John married Hannah Jane Scott (October 13, 1932 - June 4, 2016) on February 12, 1954, they had 2 children together; John Chambers III and Ursula. A year after their marriage, John and Hannah Chambers purchased a house on Hicks Avenue. The street was named after his grandfather.

In April 1981, the City Council appointed Alderman Chambers as acting mayor, following the death of Gustav J. Akerland. Akerland had served as acting mayor since March 9, following the resignation of Mayor John C. Apostol. Chambers's appointment made him the first African American mayor of Annapolis. However, he informed the Afro-American that he still planned to retire in June, rather than run for mayor in the election that month: "I hope to get the budget prepared for the incoming mayor. That's the main thing along with the other duties." On June 8, 1981, the City Council's records noted that "Mayor-Elect Richard L. Hillman presented outgoing Mayor Chambers with an engraved gavel as a token of appreciation for his years of service to the city."On November 13, 1981, the Anne Arundel County Branch of the NAACP awarded Chambers a special citizen award. His father had helped found the branch.
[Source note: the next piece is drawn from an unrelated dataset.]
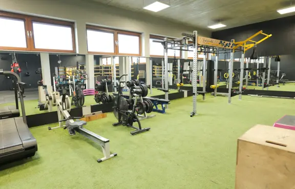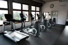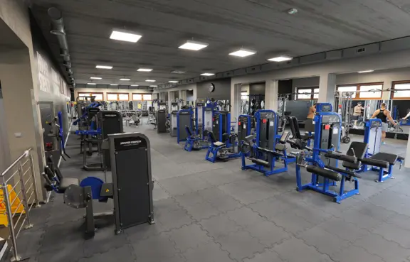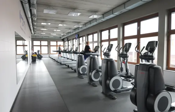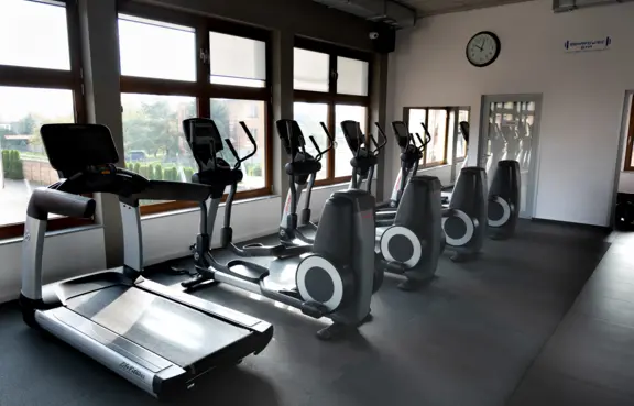 nowoczesnej siłowni BEHAPOWIEC GYM, mieszczącej się w budynku hotelowym, z pełnym wyposażeniem siłowym i strefą cardio.

Following his retirement, Chambers continued to work at his family's barber shop. Chambers and his brothers, Phillip and Carol, owned the Chambers Brothers Barber Shop at 135 West Street, where John Chambers had worked evenings even during his career as alderman. The shop served as an anchor in the community, from its inception in 1944 until its closing in 1995. When the shop closed, the Capital reported that "John Chambers will retire to a home on Hicks Avenue across from where he was born and down the hill from his church, Mt. Olive A.M.E.... 'I intend to help other people and serve my community,' he said. 'That's what I'm accustomed to.' John died of a heart attack on February 25, 2011, 4 days shy of his 83rd birthday.